とりあえず日本語だが順を追って日本語に直訳してみようと思う。
御検分:調べる
御方:お方
御座候:ございます
候はば:~ますならば
御披見:文章等を読むこと
「私ども死後、調べるお方がございますならば、本文を読むことをお頼み致します。かくの如くでございます。以上」
やはり現代風の文章にすれば理解しやすくなる。
これほど簡単な文章なのかと思えるほど簡単な文章となった。
この段階で「行」を読んだということだ。
次に「行間」を読む作業が必要になる。
文章を書いた者の意図することである。相手が何を伝えたいかを汲み取ることを「行間」を読むという。
例えば「調べる」とは、何を調べるのか。
この場合、本事件であろう。本事件とは「元禄赤穂事件」を指す。
また、文章を読むことを頼んでいるが、その文章とは「口上書」以外にない。
つまり…
「私たちが死んだ後に、本事件を調べる方がいらっしゃるならば、本口上書を読むことをお頼み致します」
短文で分かりやすいと思えるはずだ。
ところが、簡単に思えるのは、やはり基本的に「行」すなわち「文字」を読んでいるからだ。

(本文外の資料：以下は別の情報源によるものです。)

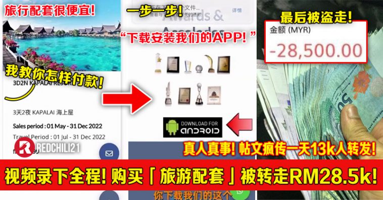 一名脸书网友近日发文分享友人的真实经历,多达RM28,500的银行存款就这样一次过被盗走,整个过程通过截图视频记录下来。最近想在网上预订或购买旅游配套的朋友们,千万要注意!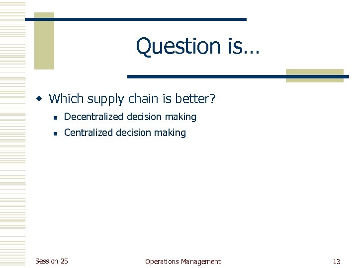 Question is… w Which supply chain is better? n Decentralized decision making n Centralized decision making Session 25 Operations Management 13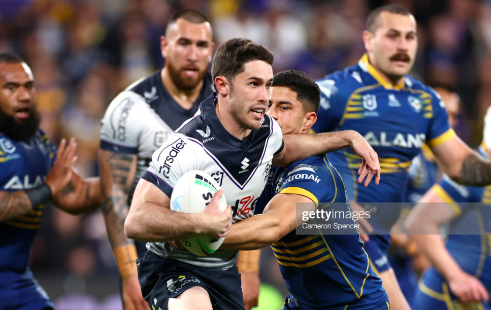 The first game of the last round of the regular season was already finals footy in spirit – Melbourne at fourth, Parra at fifth. The winner was guaranteed a spot in the top four, the loser could be out in the first week of finals. Parra had to be the team that had beaten Penrith twice in 2022, and downed Melbourne in golden point, while the Storm hadn’t finished outside the top four since 2015, and were without Jahrome Hughes on the park, bringing Cooper Johns into the halfback jersey for the biggest game of his burgeoning career to date.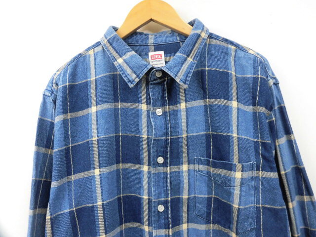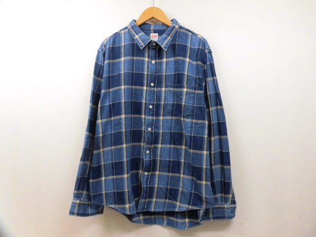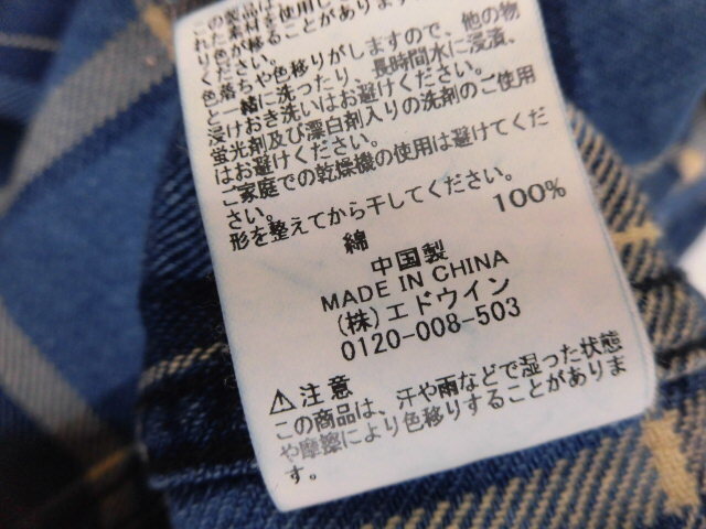 EDWIN エドウィン ET2131 チェックシャツ 胸ポケット 長袖シャツ トップス ブルー 青 XLサイズ
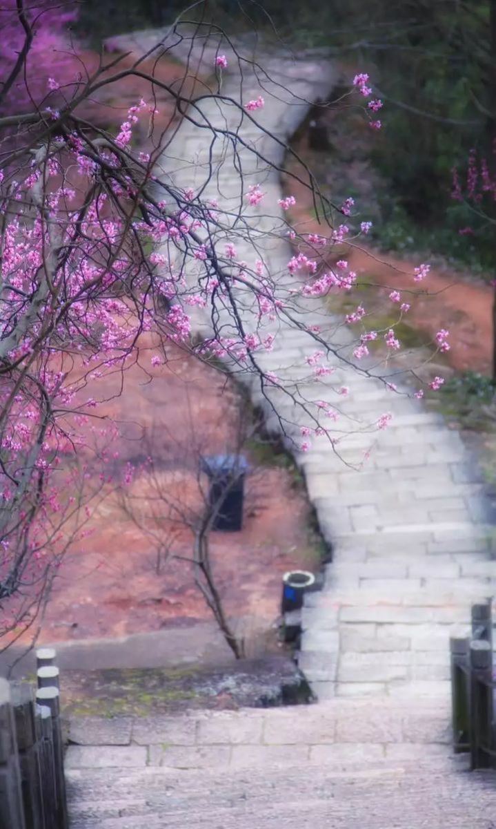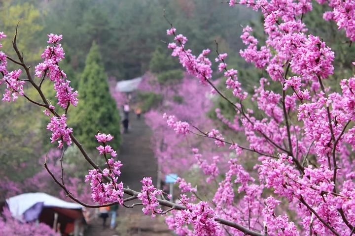 暮春的赤城山,紫荊花佈滿山嶺,淺紫色的紫荊花和山頂聳立的梁妃塔相互襯托,把山谷裝扮得格外妖嬈。 紫荊花學名Cercis chinensis。 花期冬春之間,花開滿枝,略帶芳香,多為紅色或紫色,十分美觀。 赤城山的紫荊花長得又十分巧妙,沿著遊步道的兩旁一路到山頂。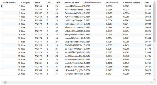 We conducted an example analysis of the prototype system and tested it for a batch of data that was being circulated within the enterprise. Compared with other agricultural supply chains, the rice supply chain can be divided into 13 links, and multiple batches of rice exist in the same link, but a certain batch of rice can only be in a certain link at the same time. The information generated in the rice supply chain is heterogeneous from multiple sources, where the information on hazards is mainly on heavy metal hazards such as chromium, lead, arsenic, and other hazards such as aflatoxin (AFBI) and molds. The basic information is mainly comprised of seed sources, fertilizer sources, logistics information, etc. Personnel information is mainly the information of each participating company, regulatory agencies, and consumers. Data verification is performed on the 20 groups of data on the chain, and one group of data on the chain is shown in Figure 9.

行間を読む作業、文章から意図することを汲み取ることは、さほど容易くない。
この文面で最も汲み取るべきことは…
「私ども死後」と書かれていることだ。
つまり、大石内蔵助以下46名は、自らの死を告げている。
この意図を汲み取る必要がある。自分たちがこの世を去ったことを前提として、本事件を調べる場合は、本口上を読んで欲しいと頼んでいるのだ。
「死人に口なし」という言葉があるが…、その状況が前提となる。その状況とは、自分たちは言いたいことが言えなくなる状況であろう。
何も主張出来なくなることが前提で、本口上文を読んで欲しいと頼んでいる。ということは、自分たちの言いたいことは本口上文に書いているということが汲み取れる。
そう、彼ら赤穂47士が伝えたいことは、吉良邸推参の趣旨である。
言い方を変えれば「大義」である。
現在の忠臣蔵観は…
主君に対する忠義による吉良邸討入り。あるいは、「仇討ち」である。
ところが、本口上書には「吉良邸討入り」の趣旨は存在しない。元禄赤穂事件を調べるのであれば、本口上書をよく読んで欲しいという赤穂義士たちの思いは現在に伝わっているのだろうか。